I am still working to prepare a short article asking others to read Maksakovsky’s “The Capitalist Cycle”.
This will include suggestions for preliminary reading to understand that Maksakovsky’s grasp of Marx’s dialectical method is of major importance.
My main suggestions for preliminary philosophical reading will be four relatively short items:
Mao, “On Practice”.
Mao, “On Contradiction”.
Stalin, “Dialectical and Historical Materialism”.
Engels, “Socialism – Utopian and Scientific”.
These are all works that anyone interested in Marxist revolutionary theory should be familiar with.
The third and fourth were pretty much prescribed reading for everyone involved in the mass workers parties of the Third and Second Internationals respectively. The first two are much crisper and more modern summaries.
I have no hesitation in strongly urging anyone to read all four now. Not just as preparation for understanding economic crisis, but as essential for understanding anything. They are not long and not difficult so there is no excuse.
But I would also like to recommend a longer book, the “Leningrad textbook on philosophy“. An english translation, with a separate introduction and completely revised first section is online at the above link. It was widely distributed to the 50,000 or so members of the British “Left Book Club” in 1937.
Amazon createspace has a 400pp hardcopy for $8 since 2013.
Mao’s two articles were prepared after studying and annotating various works on Marxist philosophy including an earlier version of the Leningrad textbook. See Stuart R Schram and Nancy J Hodes, “Mao’s Road to Power: The New Stage (August 1937-1938) (Mao’s Road to Power: Revolutionary Writings, 1912-1949 Vol.6)” pp573-832 especially pp671-832. See also Nick Night, “Mao Zedong on Dialectical Materialism: Writings on Philosophy, 1937 (Chinese Studies on China)”.

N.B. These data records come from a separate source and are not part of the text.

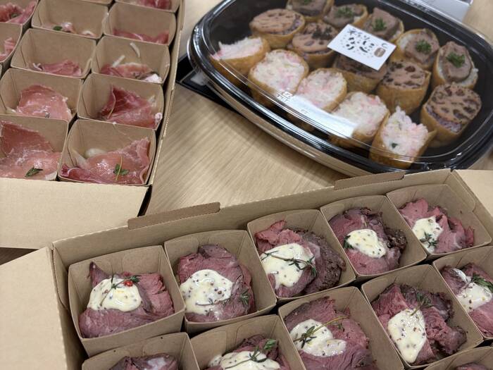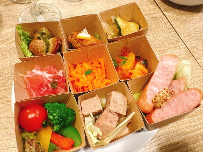 彩の良い食材が揃えられていて、パーティーに花を添えてくれます。小分けになっていると食べやすいこと、人数変更があった場合にも対応できる点が重宝します。
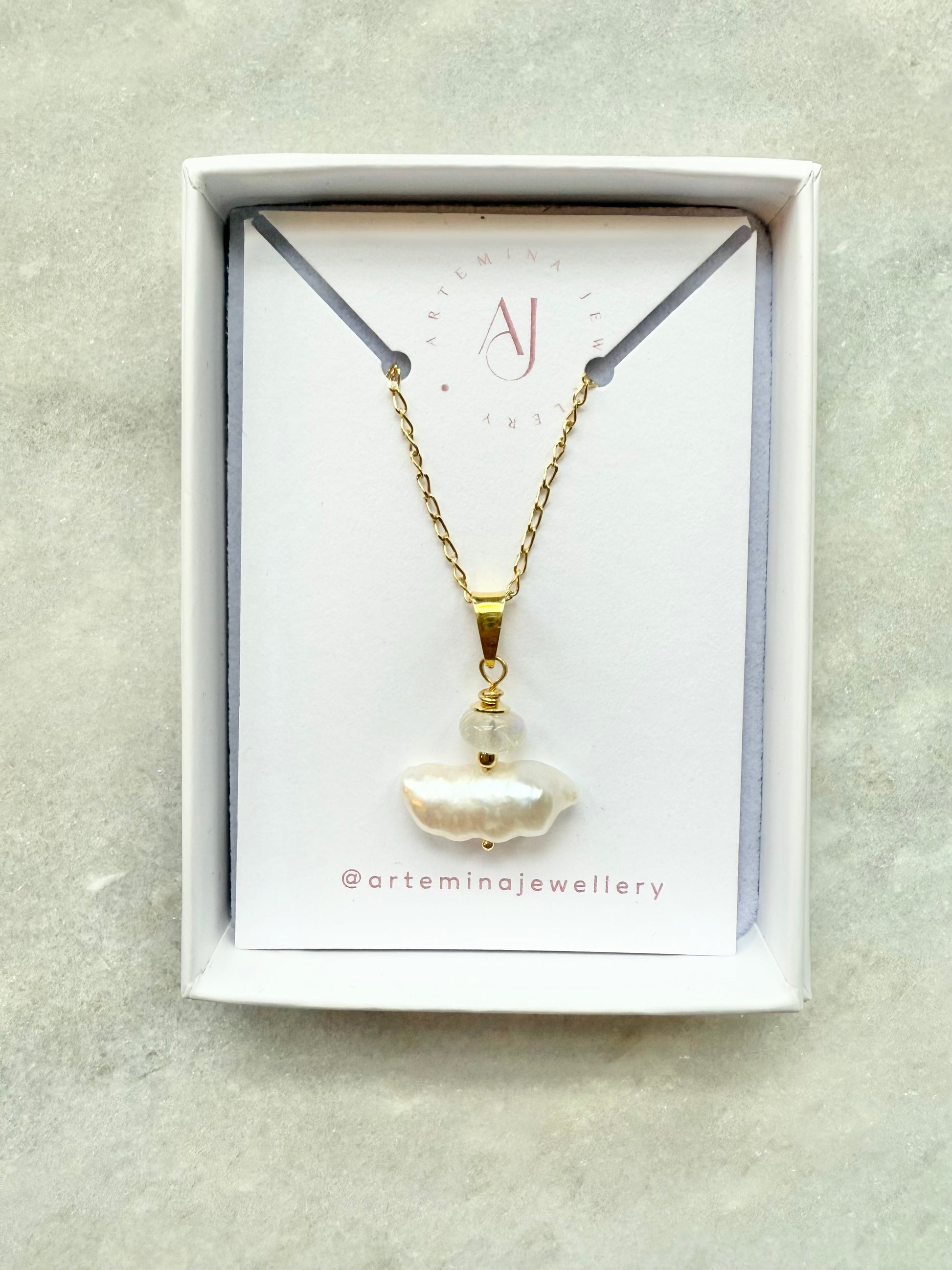 Biwa pearl & moonstone pendant on a gold vermeil curb chain.
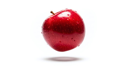 A shiny red apple with water droplets and a small stem floating above a white surface with a faint shadow
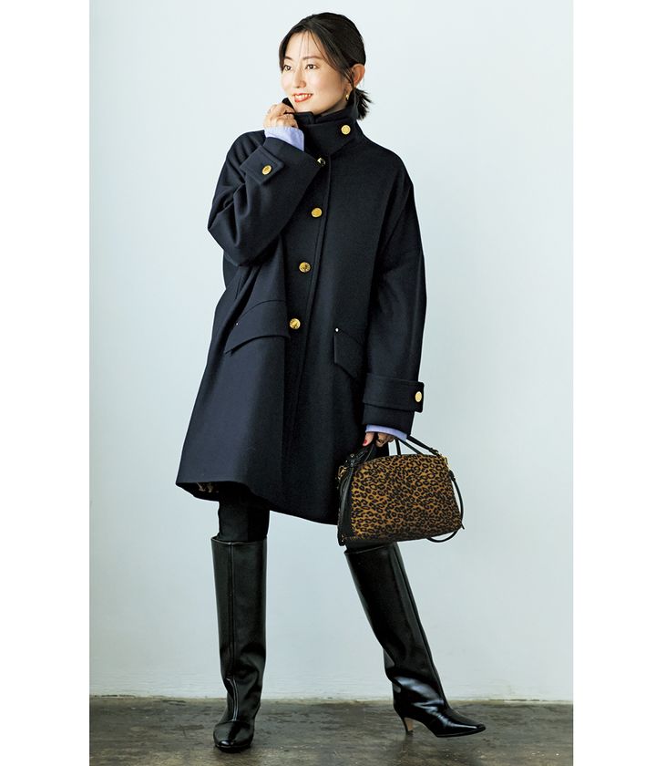 シンプルながら金ボタンとアニマル柄裏地に惹かれました。上質な素材と万能な丈感で、デイリー使いしたい。ブーツインでトラッドな着こなしが今の気分です。
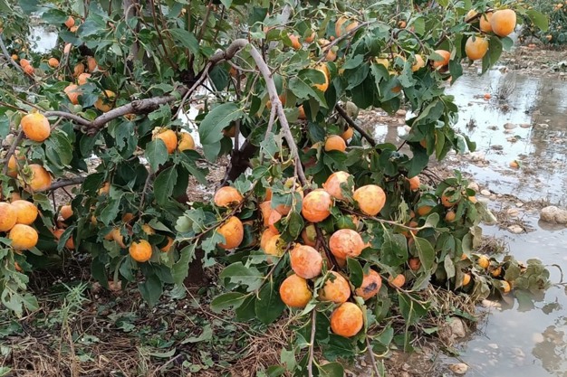 Le kaki est l'une des cultures les plus touchées et l'on craint, si les précipitations se poursuivent au cours des prochains jours, des problèmes pour les variétés précoces d'agrumes, des problèmes plus graves pour le kaki et des dommages pour les légumes en attente de récolte en raison de l'excès d'humidité.

I recommend starting from the second section and returning to the earlier parts after finishing. This is where I will be recommending people should go, to understand things not fully explained in the recommended shorter articles. I cannot claim it is essential or short and easy. It also needs a good deal of criticism, revision and updating. But that certainly makes it very important and worthwhile.

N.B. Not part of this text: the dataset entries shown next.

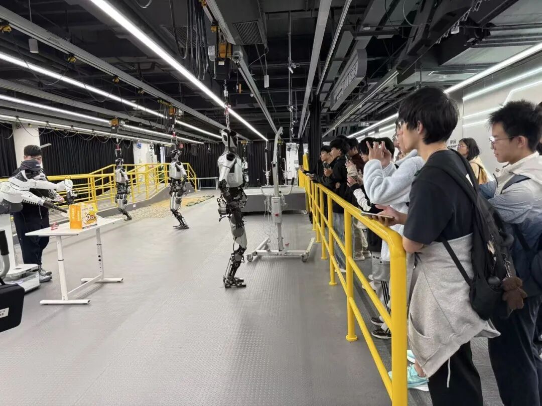 “老师,人机协作真能替代人工完成精密操作吗?”“机器人的步态控制怎么适应不同路面?”带着教室内没解开的疑问,智能机器人与先进制造创新学院的王岚鑫和同学们,走进了人形机器人(上海)有限公司的生产车间。一台银色人形机器人挥手致意,精准完成抓取、堆叠动作,更在工作人员设置的障碍物前灵活转身。“它的关节转动和我们的手臂一模一样,在扭转角度上甚至超过了人类极限。”王岚鑫忍不住掏出手机记录,并追问工程师:“刚才那个动态抓取,是不是用到了我们学的阻抗控制算法?”除了一个个“各显神通”的机器人,同学们还近距离接触了复旦“光华一号”原型机,对具身智能与控制算法的实际应用有了更具象的理解。
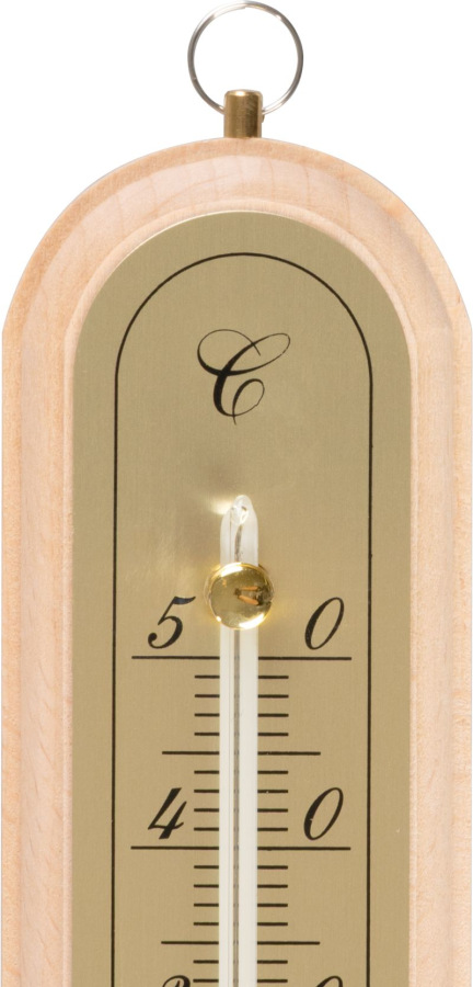 Vnútorný teplomer s dreveným podkladom, meria teplotu v rozsahu od 50°C do -20°C
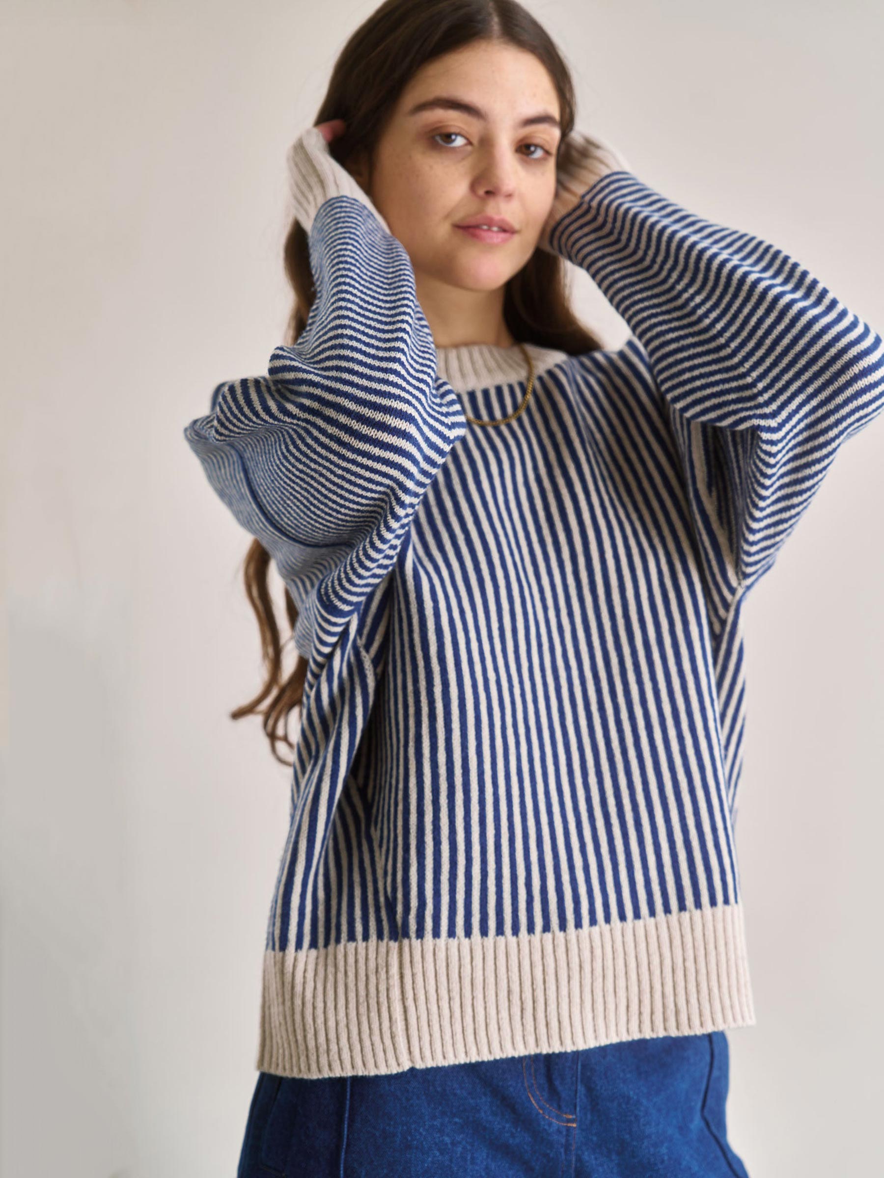 Dit blauw-gestreepte trui van Komono is er zo eentje waar je meteen blij van wordt. De losse fit en ribboorden zorgen voor een relaxte look en de combinatie van crème en navy geeft een frisse, tijdloze uitstraling. Draag met een jeans voor een easy everyday look of style met een pantalon voor iets meer contrast.

Some of the earlier texts referred to in it are also available. That site, marxistphilosophy.org also has lots of other material, including translations of Chinese debates on “One Divides into Two“.

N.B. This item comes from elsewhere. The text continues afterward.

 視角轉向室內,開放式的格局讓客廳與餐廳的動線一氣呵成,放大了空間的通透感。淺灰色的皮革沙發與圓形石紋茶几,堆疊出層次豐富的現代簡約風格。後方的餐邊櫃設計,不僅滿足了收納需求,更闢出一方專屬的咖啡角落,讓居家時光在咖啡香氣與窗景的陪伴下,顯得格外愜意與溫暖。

Eventually something like a new version of the Leningrad textbook will have to be written. But that won’t happen soon and certainly won’t happen without studying and understanding what is already known and what lessons can be learned about things communists thought we knew but clearly did not know, including “unknown unknowns”.
So, I hope some people will take up this invitation to read the Leningrad textbook as well as the four essential shorter works listed above.
Any feedback will be greatly appreciated.